Here are a few excerpts. I wish I could post the whole thing. Pearlstein NAILS it, IMHO.

It’s been another bad week for government. Another budget impasse. . . Don’t you wish government could get its act together and perform with the efficiency and competence of the private sector?

Hewlett-Packard, for example. It’s hard to imagine how, in the space of a decade, a group of executives and directors managed to take one of the world’s most respected and profitable companies, the very heart and soul of Silicon Valley’s innovation culture, and turn it into a real-life corporate soap opera, complete with sex, revenge, betrayal, behind-the-scenes back-stabbing, press leaks, illegal snooping and dynastic intrigue.
A decade ago, when HP’s hot new chief executive, Carly Fiorina, announced the purchase of Compaq Computer, Hewlett’s shares traded at $23. Today, after Internet growth literally exploded around the world and other tech firms’ values have soared, HP shares sell for $22, and the company has become a business school case study in inept corporate governance.
In just the past five months, HP managed to destroy $60 billion in market value for long-term shareholders.
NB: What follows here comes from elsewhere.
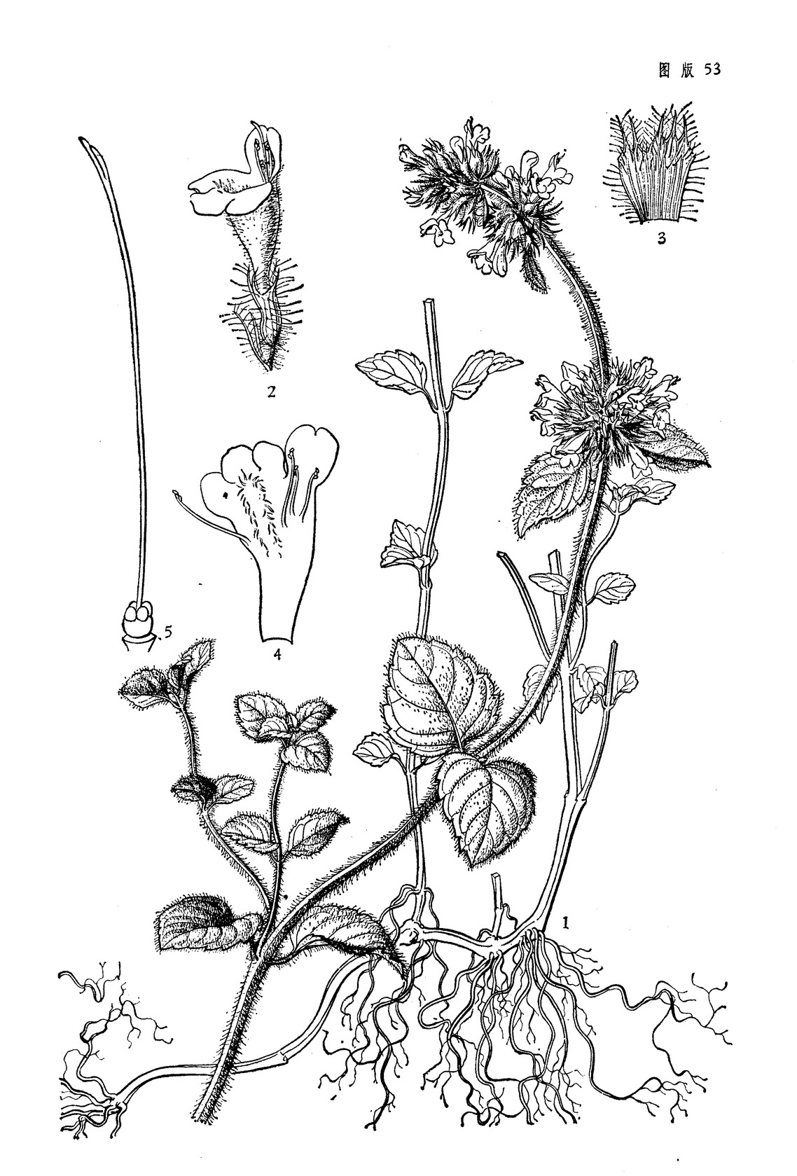 多年生草本。茎多数,自根茎生出,高可达60厘米,基部匍匐生根,简单或分枝,四稜形,具浅槽,常染紫红色,极密被白色平展刚毛,下部较疏,节间伸长,比叶片长很多。叶三角状卵圆形,长1.2-2厘米,宽1-1.7厘米,先端钝或锐尖,基部圆形或近浅心形,边缘为圆齿状锯齿,上面榄绿色,被白色纤毛,近边缘较密,下面较淡,主沿各级脉上被白色纤毛,余部有不明显小凹腺点,侧脉4-5对,与中脉在上面微凹陷或近平坦,下面带紫红色,明显隆起;叶柄极短,长1-3毫米,常带紫红色,密被白色平展刚毛。轮伞花序多花密集,半球形,花时连花冠径达3.5厘米,生于茎、枝顶部,向上聚集;苞叶叶状,下部的略超出花萼,向上渐变小,呈苞片状,苞片针状,具肋,与花萼等长或略短,被白色平展缘毛及微小腺点,先端染紫红色。花萼圆筒状,开花时长约9毫米,13脉,外面主要沿脉上被白色刚毛,余部满布微小腺点,内面在喉部以上被白色疏柔毛,果时基部稍一边膨胀,上唇3齿,齿长三角形,多少外反,先端短芒尖,下唇2齿,齿与上唇近等长,三角形,先端长芒尖。花冠粉红色,较大,长1.5-2厘米,外面被微柔毛,内面在下唇下方具二列柔毛,冠筒十分伸出,基部宽1.5毫米,自伸出部分向上渐扩大,至喉部宽达5毫米,冠檐二唇形,上唇直伸,先端微缺,下唇3裂,中裂片较大。雄蕊4,前对较长,均延伸至上唇下,几不超出,花药卵圆形,2室,室略叉开。花柱微超出上唇片,先端不相等2浅裂,裂片扁平。花盘平顶。子房无毛。小坚果倒卵形,长约1毫米,宽约0.9毫米,褐色,无毛。花期7-9月,果期8-11月。

Nothing the Department of Energy has done regarding solar loan guarantees even comes close to that.
. . ..

Some of the best reporting about this latest chapter in the HP saga came from New York Times columnist James Stewart, who uncovered the embarrassing fact that only four members of the HP board had bothered to meet and talk with Apotheker before he was named chief executive.
“I admit it was highly unusual,” one board member who hadn’t met Apotheker told Stewart. “But we were just too exhausted from all the infighting.”
Who needs Sarbanes-Oxley when we have corporate boards like this?

. . ..

I have no idea whether Meg Whitman will be able to turn things around at Hewlett-Packard. But the manner of her selection, both as a director and chief executive, is a pretty good indication that the HP board has learned very little from the embarrassing and costly screw-ups of the past decade.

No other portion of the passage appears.